Jared Noel has received SURF funding for his computational modeling project with Dr. William Richardson
Author: Jared Noel| Major: Chemical engineering, applied mathematics| Semester: Spring 2025
I began conducting research as an undergraduate freshman through the First Year Engineering Program’s Honors Research Experience, where I worked in an experimental materials chemistry lab. This experience taught me the basics of scientific research, but as I took more classes in my applied mathematics major, I became increasingly interested in using computational tools, especially to solve biological problems. This led me to Dr. William Richardson’s lab, where I am personalizing a computational model to predict individual patient responses to myocardial fibrosis. Heart failure is a devastating condition that affects over 6.5 million Americans, and despite advances in treatment, the five-year mortality rate remains high.
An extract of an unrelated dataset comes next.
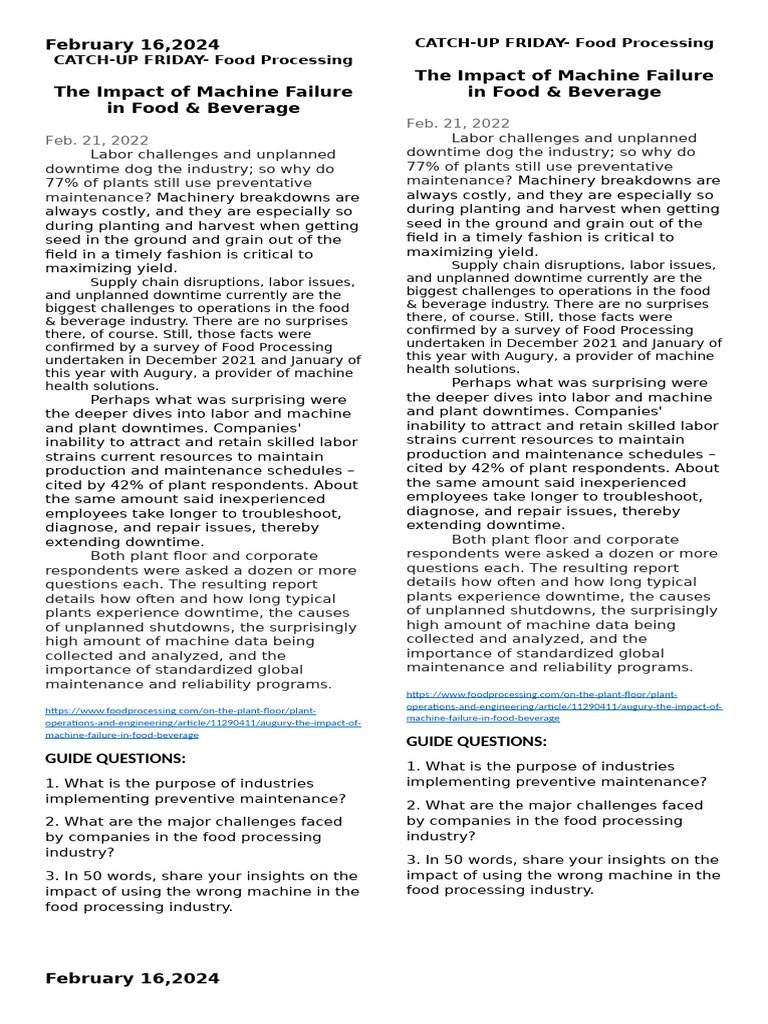 February 16,2024 CATCH-UP FRIDAY- Food Processing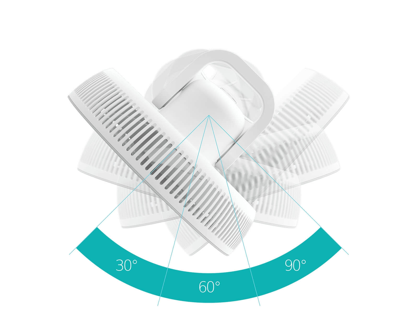 Επιλέξτε την ιδανική ροή αέρα χωρίς κόπο χάρη στις προκαθορισμένες επιλογές. Η κάθετη ταλάντωση είναι ρυθμιζόμενη στις 45° και 90°, ενώ η οριζόντια ταλάντωση μπορεί να ρυθμιστεί στις 30°, 60° ή 90°. Έτσι κατευθύνετε την ψύξη ακριβώς εκεί που τη χρειάζεστε.

One reason for this is the condition called myocardial fibrosis, where the tissue of the heart becomes stiff due to excessive accumulation of extracellular matrix proteins, making it harder for the heart to pump blood efficiently. A device called the LVAD (left ventricular assist device) is often used to reduce the stress on the heart and slow this process, but full recovery remains rare. This is largely due to the complex nature of the network of interconnected biochemical and biomechanical stimuli that effect myocardial fibrosis. This complexity is further compounded by individual genetic differences between patients. Advanced computational modeling techniques make it possible to map these complex networks. I utilize these techniques to simulate how heart cells respond to different chemical and mechanical contexts of patients. These simulations help identify personalized drug targets, which can then be further validated using cell cultures. Ultimately, this could lead to tailored treatments for heart failure patients that are based on each individual’s biology.
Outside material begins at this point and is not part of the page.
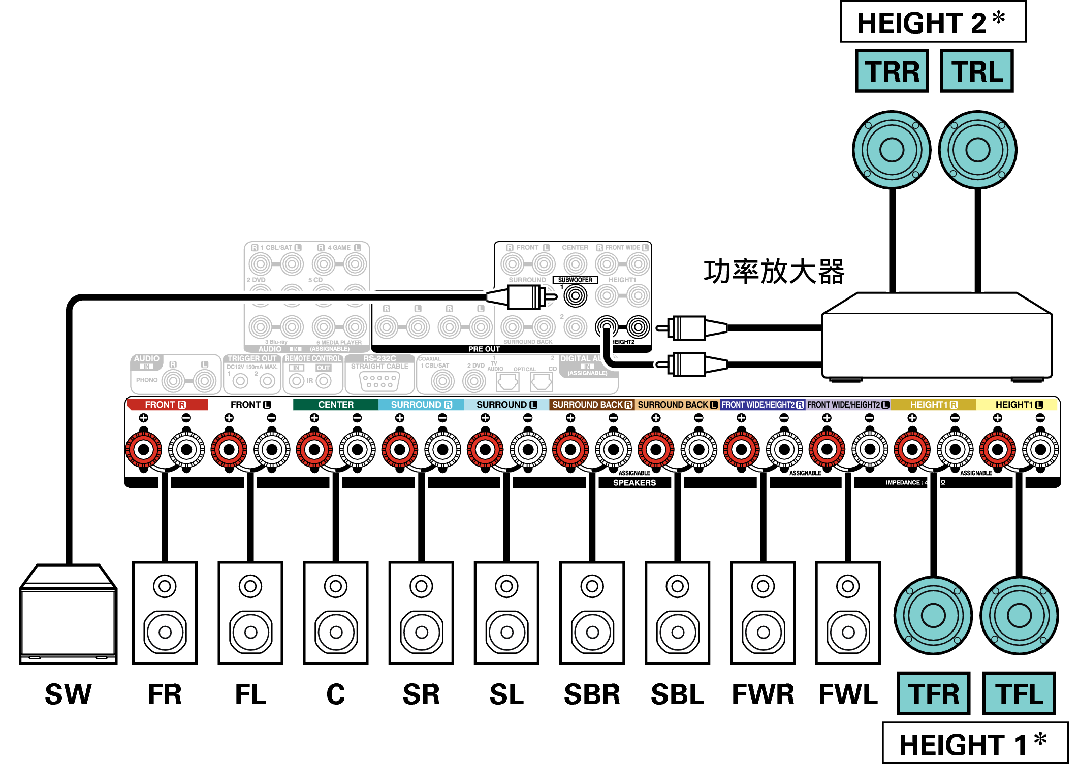 可以连接后置纵向扬声器,而不是前置纵向扬声器。在这种情况下,请在菜单中“高度” - “布局”下设置要连接的纵向扬声器。链接

Because we didn’t yet have real patient data this semester, I simulated it. I ran hundreds of simulations where I randomized the inputs to mimic the diversity we would expect in real patients, and then I analyzed these results as if they were outputs obtained from real patients. To do this, I performed principal component analysis which clustered the responses into groups. The idea is that each group represents a unique response profile that characterizes a set of patients. Then, by analyzing the inputs of the patients in these sets, I could identify input signatures that yield predictable responses. One particularly exciting method I used to achieve these was the Mapper algorithm of topological data analysis, which helps to visualize high-dimensional data in a network form. This technique allowed me to build a network, where the nodes and connections represented relationships among input types, and the network’s orientation in space represents the output responses. This method can help to reveal complex hidden structures in the data that traditional methods do not.
Next semester, I will be continuing this work. By then, we will have actual patient data to use, and I can use this data instead of the randomized inputs to run my simulations. Then, I can use the same computational framework to analyze actual patient responses. After identifying promising drug targets for individual patients, I can begin to perform experimental validation using in vitro cell cultures. I can culture cells to simulate the patient contexts from the models and then record the concentrations of outputted proteins after the culture period. Comparing these results to those predicted by the model will provide additional insights into the efficacy of the model and the potential for this framework to predict drug targets for real patients. This research has not only deepened my understanding of computational biology but has also shaped my career goals. I now plan to pursue a PhD in computational biology, focusing on the interdisciplinary field of computational genomics. It’s incredibly fulfilling to know that my work could one day help tailor therapies for real patients, giving them a better chance at recovery and a better quality of life.